De voorzieningenrechter volgt het college in dit standpunt. De voorzieningenrechter is daarom van oordeel dat het bezwaar naar alle waarschijnlijkheid door het college (terecht) niet-ontvankelijk zal worden verklaard. De voorzieningenrechter ziet dan ook geen aanleiding om hangende het bezwaar tegen de brief van 21 juni 2022 een voorlopige voorziening te treffen.
Ter zitting heeft het college meegedeeld dat er inmiddels wel een besluit is genomen over het verlengen van de indicatie per 1 oktober 2022. Bij besluit van 23 september 2022 is de indicatie voor begeleiding door [naam zorgverlener] verlengd voor de periode van 1 oktober 2022 tot en met 30 september 2023 tegen een informeel pgb-tarief.
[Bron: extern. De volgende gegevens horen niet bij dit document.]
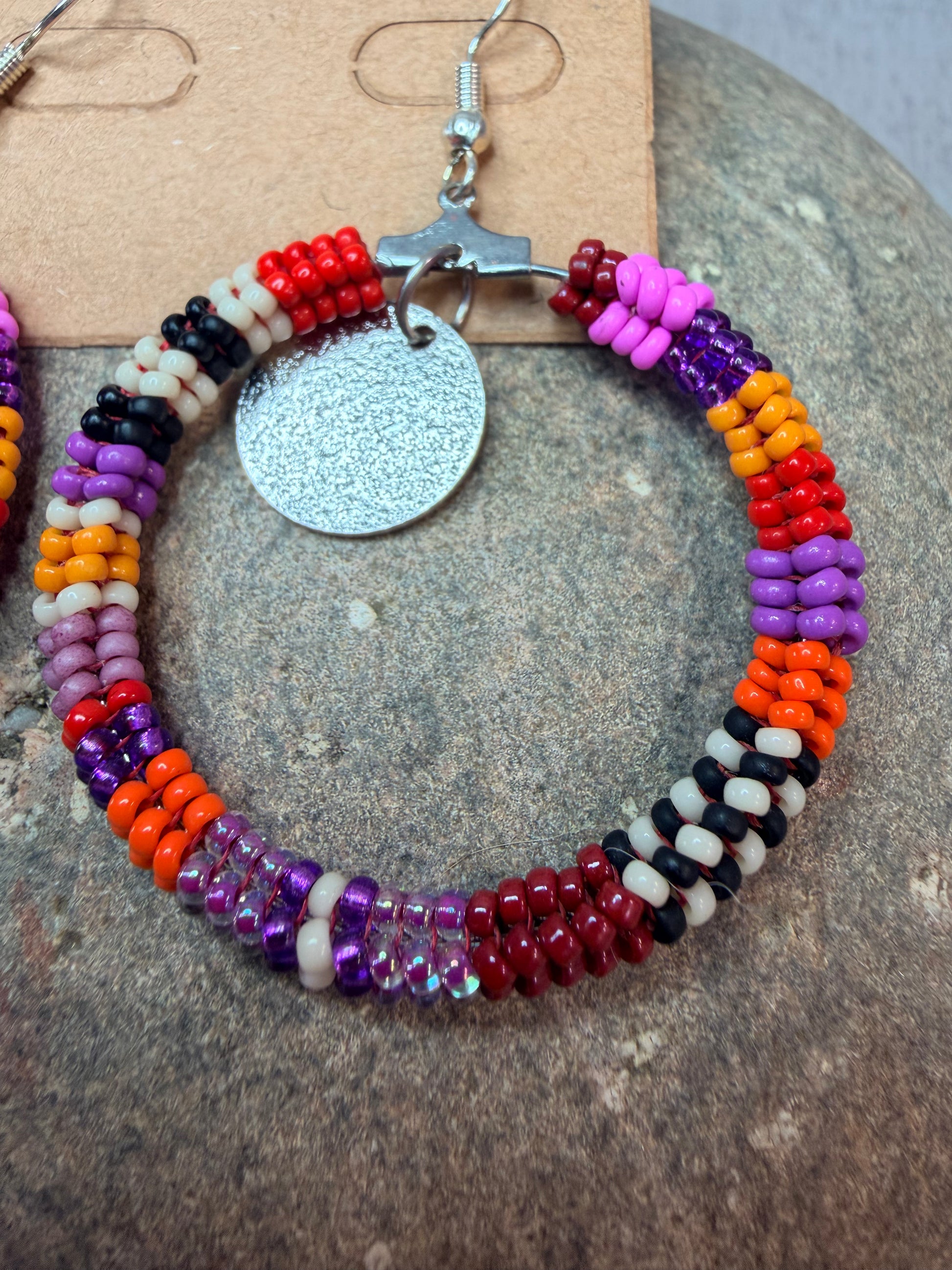 Estos aros están tejidos como una ronda que nunca se cierra del todo: un círculo en movimiento, lleno de pequeños encuentros. Los colores se suceden sin orden rígido —rojos, violetas, naranjos, negros y tonos crema— como fragmentos de un viaje, de una fiesta íntima o de una conversación larga que se estira en el tiempo.

Het is de voorzieningenrechter echter niet gebleken dat verzoekster tegen dat nieuwe besluit bezwaar heeft gemaakt dan wel heeft bedoeld in het kader van dát besluit een voorlopige voorziening te vragen. De voorzieningenrechter stelt vast dat het verzoek hier aan de orde niet connex is aan het nieuwe besluit van 23 september 2022. De voorzieningenrechter is dus niet bevoegd om met betrekking tot het nieuwe besluit een voorziening te treffen.
Gelet op het voorgaande zal het verzoek om voorlopige voorziening worden afgewezen.
5.
Conclusie
De voorzieningenrechter wijst het verzoek af. Voor een proceskostenveroordeling bestaat geen aanleiding.

Beslissing

De voorzieningenrechter wijst het verzoek om voorlopige voorziening af.
Deze uitspraak is gedaan door mr. A.G.J.M. de Weert, voorzieningenrechter, in aanwezigheid van mr. J.M. van Sambeek griffier, op 19 oktober 2022 en openbaar gemaakt door middel van geanonimiseerde publicatie op www.rechtspraak.nl.
griffier voorzieningenrechter
Afschrift verzonden aan partijen op:

Rechtsmiddel

Tegen deze uitspraak staat geen rechtsmiddel open.